Last night I taught my usual Tuesday night yoga class, the one I’ve been teaching now for a year and a half. It’s typically a small class, with some regulars and some drop-in’s who attend intermittently. The pace is even and the asanas are mildly challenging.
For the past couple weeks, some of the students attending this class have been teacher trainees from another yoga studio; part of their training encourages them to go to different studios and experience different styles (very cool, I must say).
Last night’s visiting attendees were two women: one instructor and one trainee. Both were young and energetic, the instructor thin and lithe, her upper body overlaid with colorful tattoos. Her asanas were nearly perfect and lovely to watch.
Like most instructors, I’m sure, I always feel a little intimidated when an instructor shows up for my class; feeling not so much that I’m being judged, but watched. Very carefully. I do the same when I attend a fellow teacher’s class. I’m not judging, but always searching. Searching for new ways to explain a pose or inspire students (or myself). I recognize that my style is mine, that theirs is theirs, and that instructors can’t be compared. I have tremendous respect for all teachers. What intimidates me, however, is knowledge.

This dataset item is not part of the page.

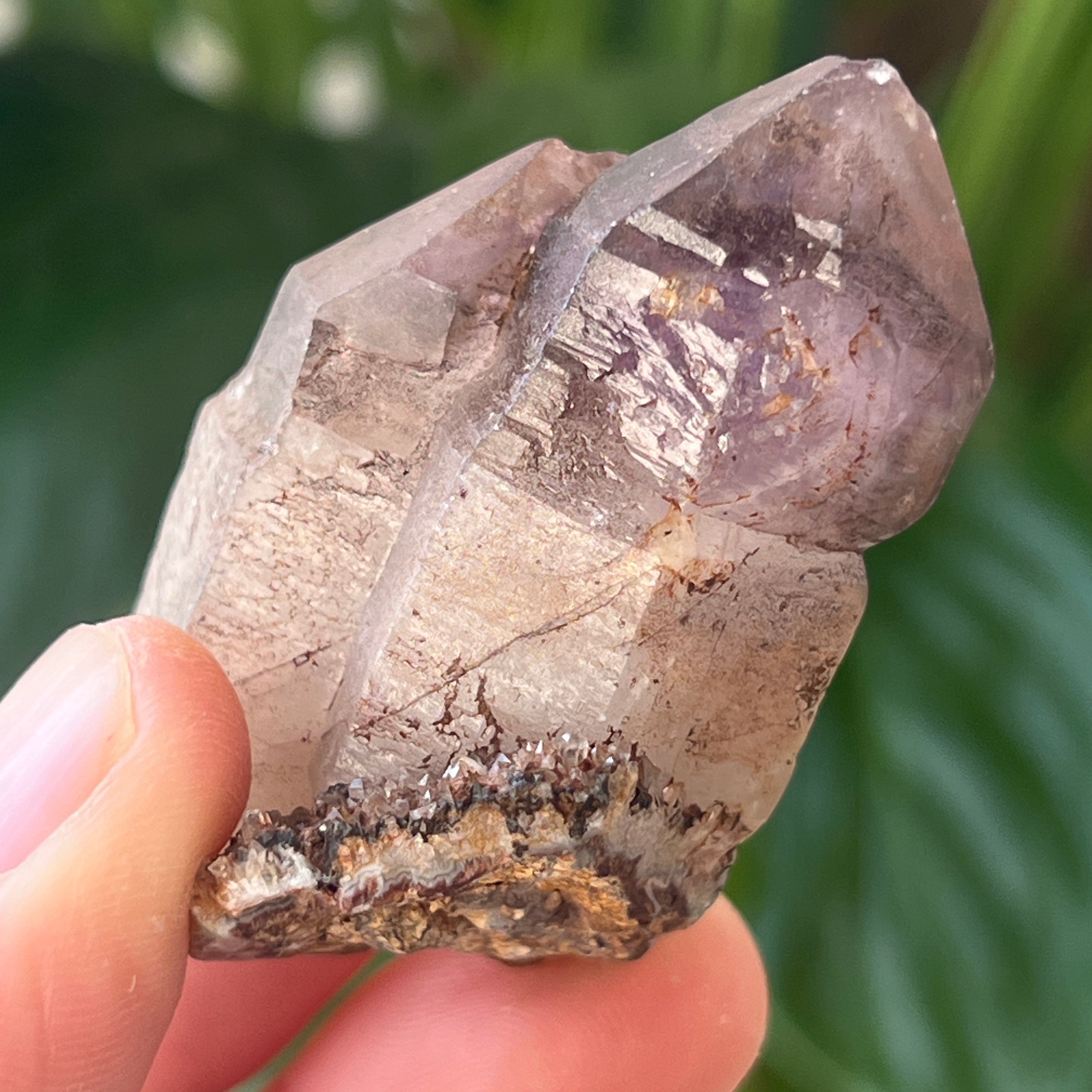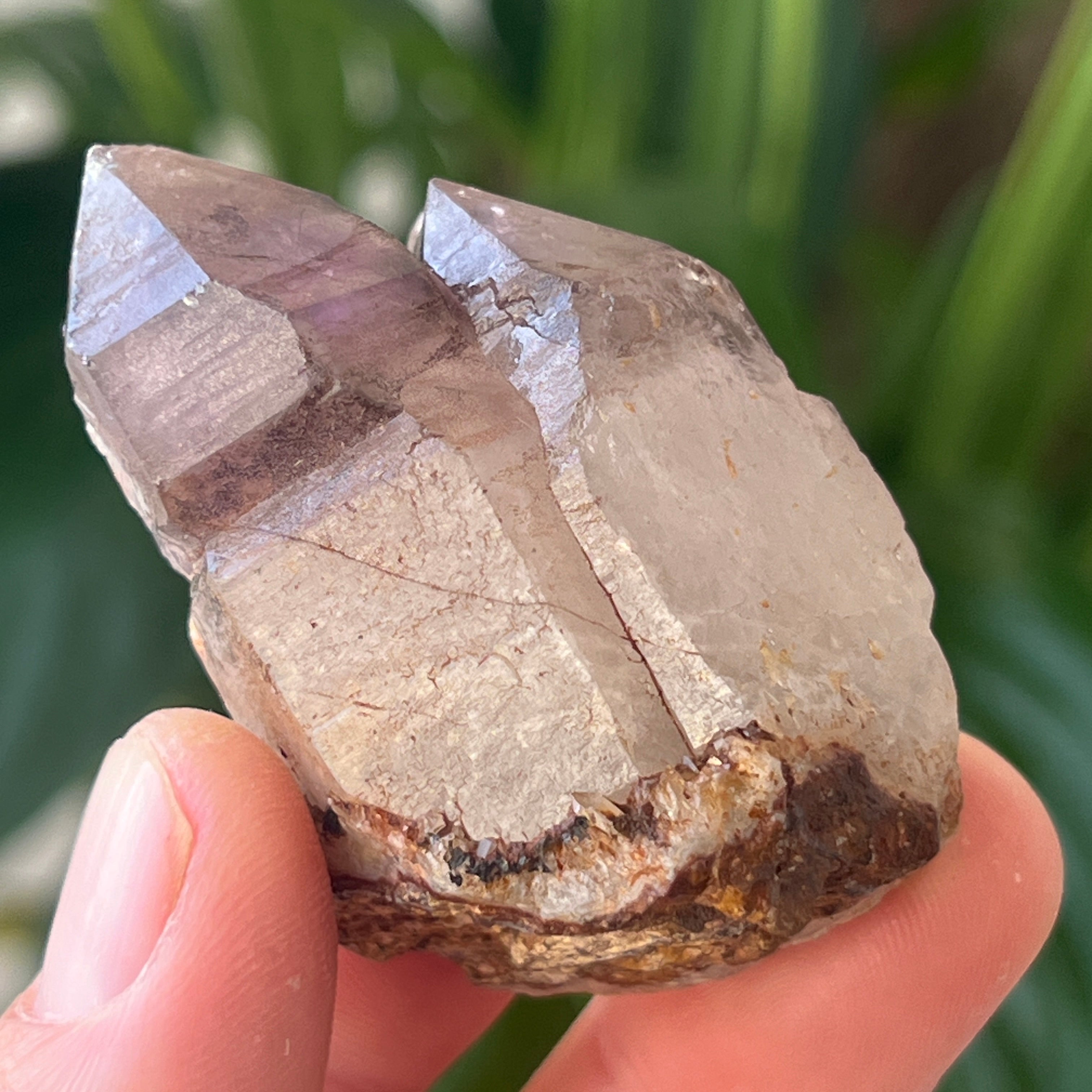 Cristallisant dans le système trigonal, ce spécimen de SiO₂ (dioxyde de silicium) se distingue par son excellente transparence et ses formes hexagonales naturelles. Certaines pièces incluent des "fantômes" - des contours internes qui reflètent les premiers stades de croissance - ou montrent des bulles mobiles de fluide hydrothermal, d'hématite ou de goethite, toutes capturées à l'intérieur du cristal il y a des millions d'années.

Yoga is so deep and vast that when I meet other teachers (especially if they practice a different style), I am always overwhelmed at how much I DON’T know. I am suddenly reduced to a student, a child seeking approval, feeling inadequate.
“No, I don’t remember what my dosha is.”
“No, I’ve never practiced ashtanga yoga (at least I don’t think I have).”
“Nope, never heard of the hasta or the pada bandhas.”
“No, I haven’t read the Bhagavad Gita from beginning to end.”
“No, I can’t do a handstand or hold a hip balance with straight arms and legs for more than a few breaths.”
“No, I don’t make a habit of adjusting my students.”
Cerebrally, I know that we are never “done” when it comes to yoga; that the depth of this practice is vast and never-ending. So why do I feel so less-than when I discover something I don’t know? And how do I release the self-judgement for not knowing everything about something which is fundamentally unknowable?
As always, I look to the Yamas and Niyamas for guidance. The Yamas and the Niyamas are the first two limbs of the 8-Fold path of yogic philosophy. Taken from the Yoga Sutras, there are five Yamas, or restraints, and five Niyamas, or observances.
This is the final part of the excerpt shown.